MILANO – Green light of the shareholders’ meeting of Mediaset – the first which took place in Amsterdam – at the change of the company’s name into Easy-MediaforEurope nv and the new one double category shareholding structure, with different voting rights. The operation, the company note reads, is “a fundamental step in pursuing the creation of a pan-European group in the entertainment and content sector as it will provide greater flexibility for the financing of any future m & a operations”.
The outgoing shareholder also voted in favor of the decisions, as envisaged by the latest agreements Vivendi, who disregarded the indications given by the proxy advisors. With this structure the Biscione, which maintains the tax office and all previous activities, is preparing to push on international expansion, also with the idea of aggregating other operators.
“We are very satisfied with this double step: these actions and the excellent economic results achieved allow us to look to the future also with a view to international development” commented the CEO of Mediaset (follow the title live) Pier Silvio Berlusconi. The change of name is effective from today, the new shareholding structure starting from January 1, 2022.

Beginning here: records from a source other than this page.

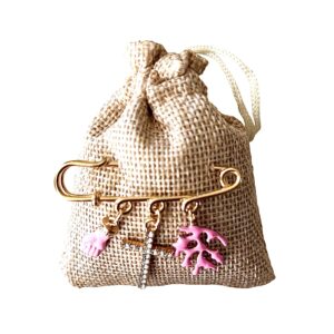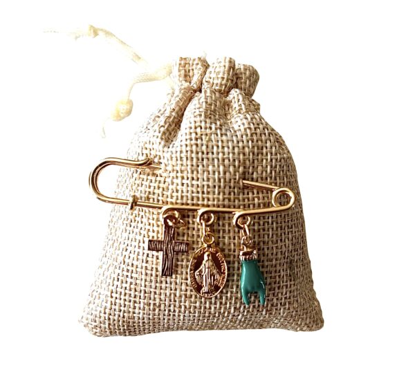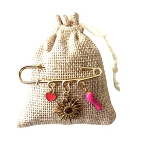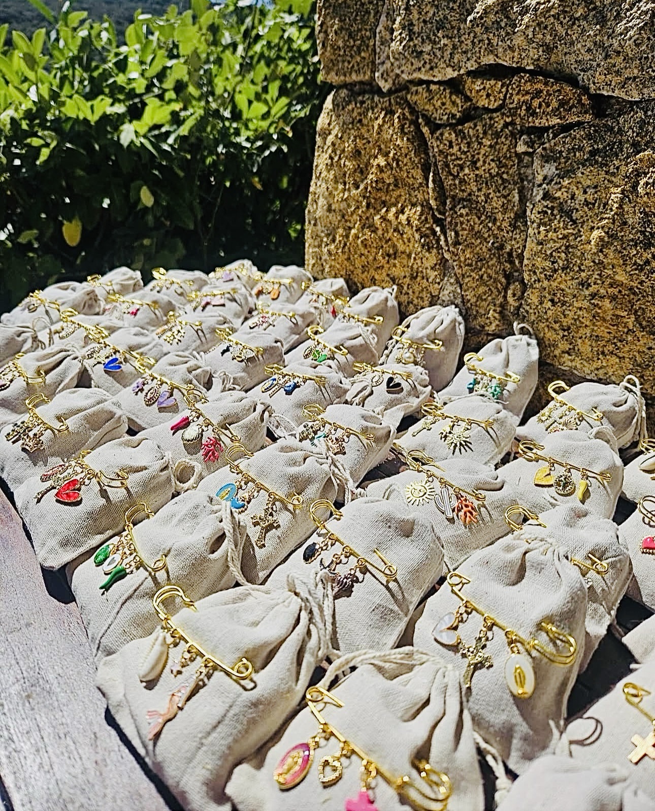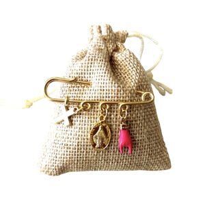 Sur chaque pochon en toile de jute une broche dorée épingle à nourrice 3 anneaux y est accrochée. Cette « broche » comporte des charms (Croix, main Corse, coquillages, médaille Vierge Marie, corail, cœur, coquillages, etc.) qui ajoutent une touche symbolique et décorative à l’ensemble.
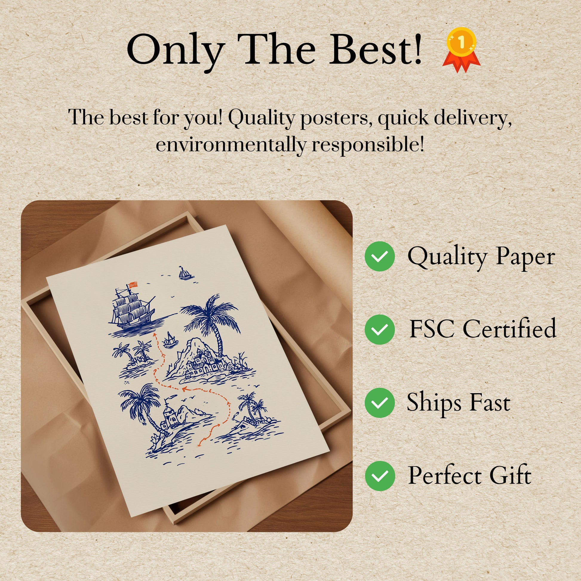 Embark on a nautical journey through this stunning blue and white illustration depicting a classic pirate treasure map. Featuring elegant sailing ships, palm-fringed tropical islands, and a winding red path leading to hidden treasures, this poster captures the romantic spirit of maritime exploration. The delicate line work and minimalist color palette create an enchanting scene that will transport you to a world of maritime mystery and adventure.
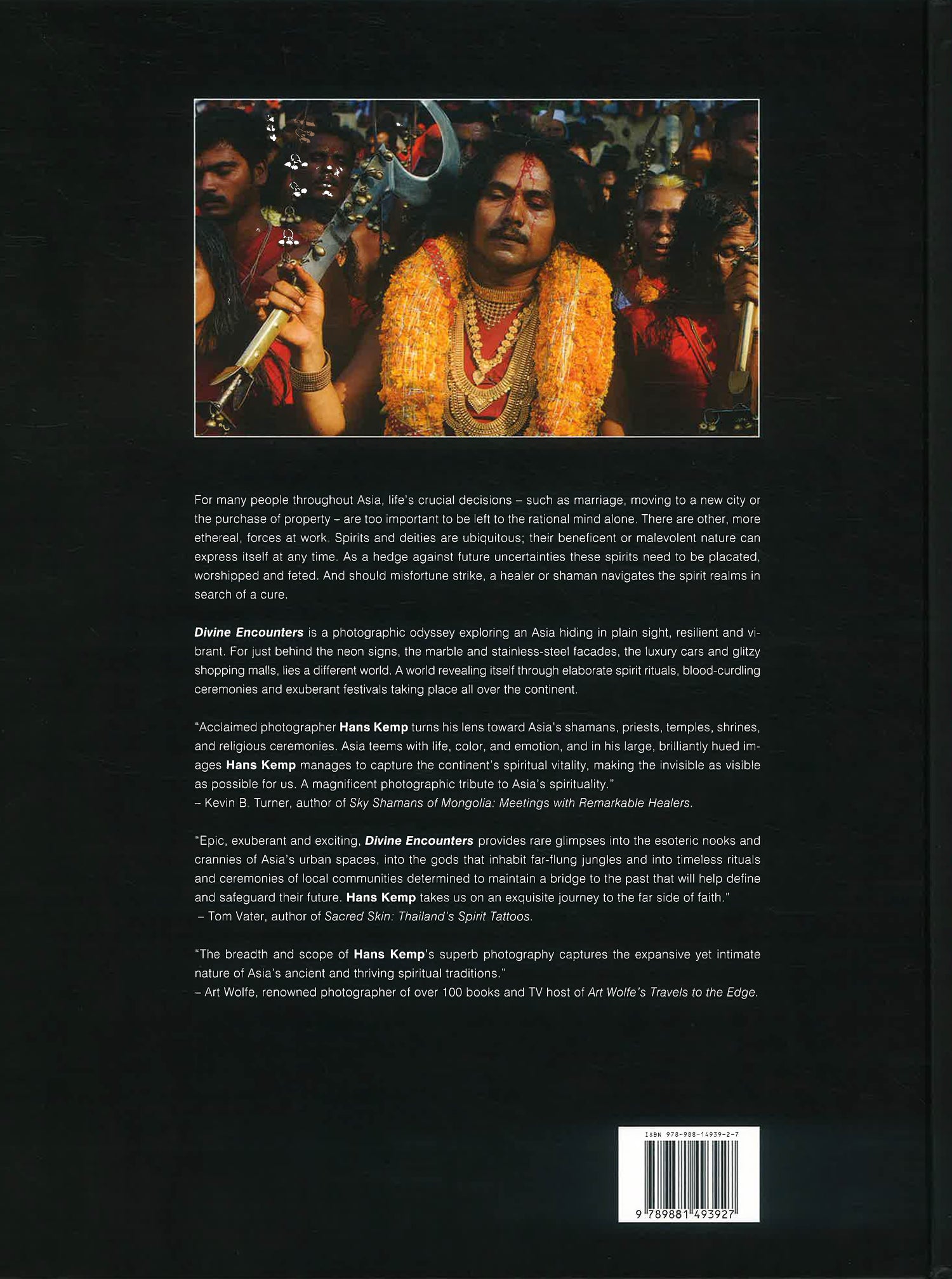 "This is a monumental work in every way - 400 pages packed with provocative images, providing a fascinating and intimate portrayal of some of Asia's most unusual festivals and rituals." - Nikkei Asian Review At first sight, Asia's rich and enigmatic culture seems to have fallen victim to the headlong pursuit of material wealth and the onslaught of the fast-food lifestyle. But look more closely and cracks in the glossy veneer of progress are appearing. Fissures reveal the remarkable survival of age-old traditions and customs, in spite of, or perhaps more accurately, precisely as a result of the rising tide of globalisation and the resulting cultural alienation. For many people throughout Asia, life's crucial decisions such as marriage, moving to a new city or the purchase of property, are too important to be left to the rational mind alone. There are other, more ethereal, forces at work. Spirits and deities are ubiquitous, their beneficent or malevolent nature can express itself at any time. As a hedge against future uncertainties these spirits need to be placated, worshipped and feted. And should misfortune strike, a healer or shaman navigates the spirit realms in search of a cure. Divine Encounters is a photographic odyssey exploring an Asia hiding in plain sight, resilient and vibrant. For just behind the neon signs, the marble and stainless steel facades, the luxury cars and glitzy shopping malls, lies a different world. A world revealing itself through elaborate spirit rituals, blood-curdling ceremonies and exuberant festivals taking place all over the continent. No book touching upon a subject so rich can ever claim to be exhaustive. What I present here is only a cross-section, covering such stalwart centres of spirit interactions as the forests of Papua New Guinea and the grasslands of Mongolia, but also including densely populated Hong Kong, industrialised Japan and the tropical beach paradise of Phuket in Thailand.

The scheme provides that the shares currently in circulation are converted into B shares and that, on a predetermined date, all holders of B shares also receive one A share. Each A share gives the right to 1 vote, each B share to 10 votes. Both categories of shares will have the same equity rights and will both be listed on Euronext Milan (Exm) organized and managed by the Italian Stock Exchange.
In the “Dutch” meeting of Mediaset, shareholders representing the80.6% of the capital and the change of name obtained the favorable vote of 99.99% of the voters. The introduction of the new share structure with dual category securities and the authorization to issue category a shares – the two points on which i proxy advisor had expressed a contrary opinion – were approved respectively with the 94,23% and with the 94,41% of the actions present. According to Dutch law, however, even in extraordinary shareholders’ meetings, 50% of the votes plus one share are sufficient, therefore Vivendi’s adhesion has a signaling value and is not decisive for the outcome of the vote.